Slyne Head Lighthouse

Position:

53°23.997' North 10°14.051' West

Aids to Navigation

Sectors:

Height of Tower:

24 metres

Height of Light MHWS:

35 metres

Character:

Fl (2)W 15s

Range:

19 nautical miles

Radar Beacon:

Morse 'T' on vessel's radar display

AIS:


Ceann Leime or Leap Head is formed by a chain of rocks and islands off the mainland 16km south west of Clifden, not too far from where those intrepid British aviators Captain J.W. Alcock and Lieutenant A. Whitten-Brown crash-landed their Vickers Vimy in a bog near the Marconi Wireless Station on the morning of 15th June 1919 almost sixteen hours after taking off from St. John's, Newfoundland.

The name Slyne is an anglicised corruption of leime, which is also the name given to the island closest to the mainland in the Slyne Head archipelago, Illaunaleama or Leap Island. The actual island upon which the lighthouse station is positioned is called Illaunamid (6"O.S.) or Illaunimmul (Admiralty Chart). It is the largest and most westerly of the islands forming Slyne Head, 11.7 hectares in area, 27m high and is composed of metamorphic type rock known as gneiss. Its name puzzled me for some time, Illaun is island but 'amid or 'immul' proved more difficult to nail down. Irish speakers in the office gave me wood, timber, margin and border. Principal Keeper Brendan Garvey, who is also an Irish speaker and was on the rock when I visited it in the summer of 1983, feels that wood or timber island is the translation due to the amount of flotsam, mainly timber that is washed up and collected by mainland locals in their currachs.

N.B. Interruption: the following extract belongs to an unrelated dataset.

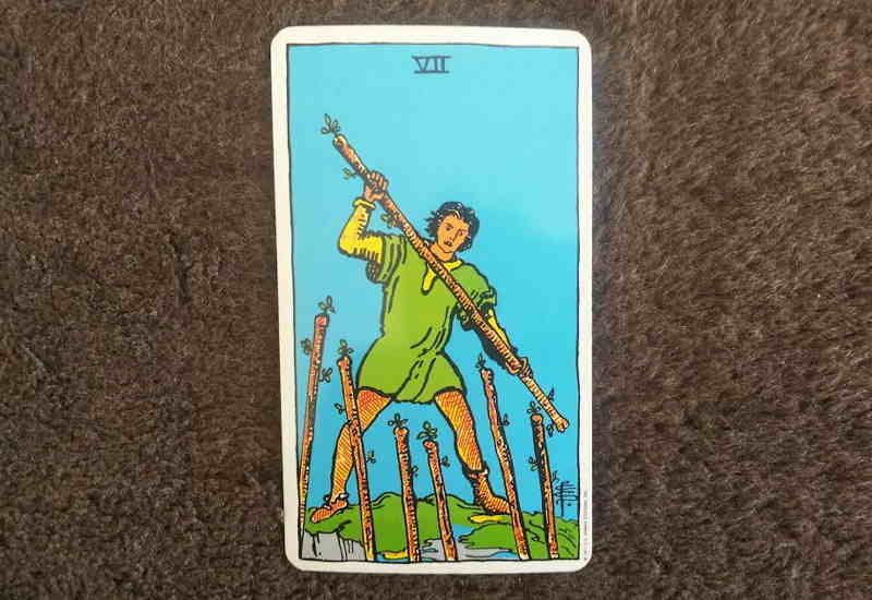 タロット占いの詳しい解釈と意味 小アルカナ『ワンドの7(Ⅶ)』 タロット占い 下から突き出た6本のワンドを前に1本のワンドで立ち向かう人物が描かれたライダーウェイト版小アルカナ『ワンドの7(Ⅶ)』には、どんな意味が隠されているのでしょうか。 タロットカードの『ワンドの7(Ⅶ)』を詳しく読み解いていきます。 タロットカード『ワンドの7(Ⅶ)』説明と解釈 背景には、とても広い青空が広がっています。 緑の草が生え、水たまりがある崖のような高台には、険しい表情の男性が1人います。 彼は、黄色のシャツに緑のチュニックを重ね着し、黄色のタイツ、左足にブーツ、右足にはひも靴という格好です。6本のワンドに対抗するには身軽すぎる服装と普通では考えられない足元から、追い詰められて切迫していることがうかがわれます。 唯一の武器である1本のワンドを両手でしっかりと握り、下側から攻めてくる敵と孤軍奮闘していますが、高台0にいることが有利に働いているようです。 勇敢な彼は、人生の浮き沈みを経験する中、必死に耐え、欲しいものを掴み取ってきました。それらは彼にとってかけがえのないものとなり、いまや魂の一部となっています。 更なる高みを目指すため、力強く立ち上がり、再び奮闘しています。 『ワンドの7(Ⅶ)』正位置が出たときの意味 ・プレッシャーに耐えます。 ・攻撃的になります。 ・自分の立場を守ります。 ・批判と戦います。 ・自分が信じるもののために立ち上がります。 ・自分が正しいことを確信します。 ・しっかりと足場を固めます。 ・主導権を握ります。 ・信念を貫きます。 【その他のキーワード】 ・攻撃・抵抗・信念・奮闘・対決・自己主張・対立・交渉・勇気・自信 『ワンドの7(Ⅶ)』正位置の具体的なリーディング例 危機的状況の中、信念を持って立ち上がり、勇気を出して闘います。 困難な状態に陥り、矢面に立たされますが、有利な状況です。 トラブルに見舞われても、順風満帆なような前向きな精神状態でいられます。 ~人間関係全般~ 積極的で自己主張をはっきりする強気な人たちと縁があります。 パートナー(恋人や夫)がいる場合…自信を持って、はっきりと自己主張をします。 パートナーがいない(募集中の)場合…モチベーションが高まり、出会いのチャンスに力を注ぎます。 こころに思う(片思いの)人がいる場合…気持ちが高まります。失恋も覚悟の上、当たって砕けろの精神で激しいアプローチをしそうです。 仕事面…駆け引きや商談が有利に進みます。 健康面…健康問題が出てきそうですが、努力することで改善の兆しが見えそうです。 経済面…出費はかさみますが、収入増に期待できます。 『ワンドの7(Ⅶ)』正位置対策や解決策(アドバイス) 起きた問題の主導権を握ってもうまく活かせないのは、有利な状況を過信しすぎているせいかもしれません。 自分を信じることも大切ですが、頭を冷やしてください。 有利な立場を利用して周囲を味方につけるなど1つずつ取り組んでいけば、解決の糸口が見えてきます。 『ワンドの7(Ⅶ)』逆位置が出たときの意味 ・困難は回避できそうです。 ・衝突は避けられます。 ・比較的、平和な対立です。 ・勇気がでません。 ・自信がありません。 【その他のキーワード】 ・不安・葛藤・弱気・当惑・心配症 『ワンドの7(Ⅶ)』逆位置の具体的なリーディング例 難しい状況ですが、心配しているようなことは起こらなくてすみそうです。 弱気になって思い悩み、結局思い切ったことができません。 もし衝突してしまうと圧倒的に不利な状況で苦戦を強いられます。 ~人間関係全般~ 消極的で流されます。表面上だけの関係になります。 パートナー(恋人や夫)がいる場合…危うい関係性になります。 パートナーがいない(募集中の)場合…パートナー探しを頑張っても無駄に終わります。 こころに思う(片思いの)人がいる場合…自信がなくなり、ライバルに負けそうです。 仕事面…無理や無駄な仕事が多くなりそうです。 健康面…身体はともかく精神的に弱くなります。 経済面…弱みにつけこまれます。 『ワンドの7(Ⅶ)』逆位置対策や解決策(アドバイス) 妨害や横やりに注意は必要ですが、はじめから無理と決めつけて諦めたら、そこで終わってしまいます。苦戦を覚悟しながらも前向きになってください。ことを無難に終わらせるために、無駄に悩んだり無駄に闘うのはやめましょう。 タロットカード『ワンドの7(Ⅶ)』意味まとめ カードに描かれている人物は、戦闘の真っただ中にいて攻撃しながら防御もしています。 力強い行動は、良くも悪くもエネルギーの流れを変化させるものです。 人間社会では、勝利が決まる戦いも困難との闘いもトラブルの原因になります。 闘いに意味があるのなら、勇敢さと積極性で闘い抜いてください。しかし、そうでないなら闘いから身を引く勇気が必要です。 攻撃するのか?、防御するのか?、流れに任せてただ流されていくのか?、自分の力で変えていくのか?を

With Galway's increasing trade and commerce early in the nineteenth century the mayor, corporation, bankers, merchants and traders (mariners) looked for lighthouses to be erected on the north island of Aran (Inishmore) and Mutton Island between 1806 and 1810 and added Slyne Head in 1810. The Ballast Board agreed they were desirable but they were short of funds to carry out new works. This monetary deficiency obviously improved and by 9th December 1813 Trinity House had sanctioned two of the three lighthouses looked for by the Galwegians - Mutton Island and Inishmore but regarded Slyne Head as wholly unnecessary. Mutton Island was established in 1817 and Inishmore in 1818.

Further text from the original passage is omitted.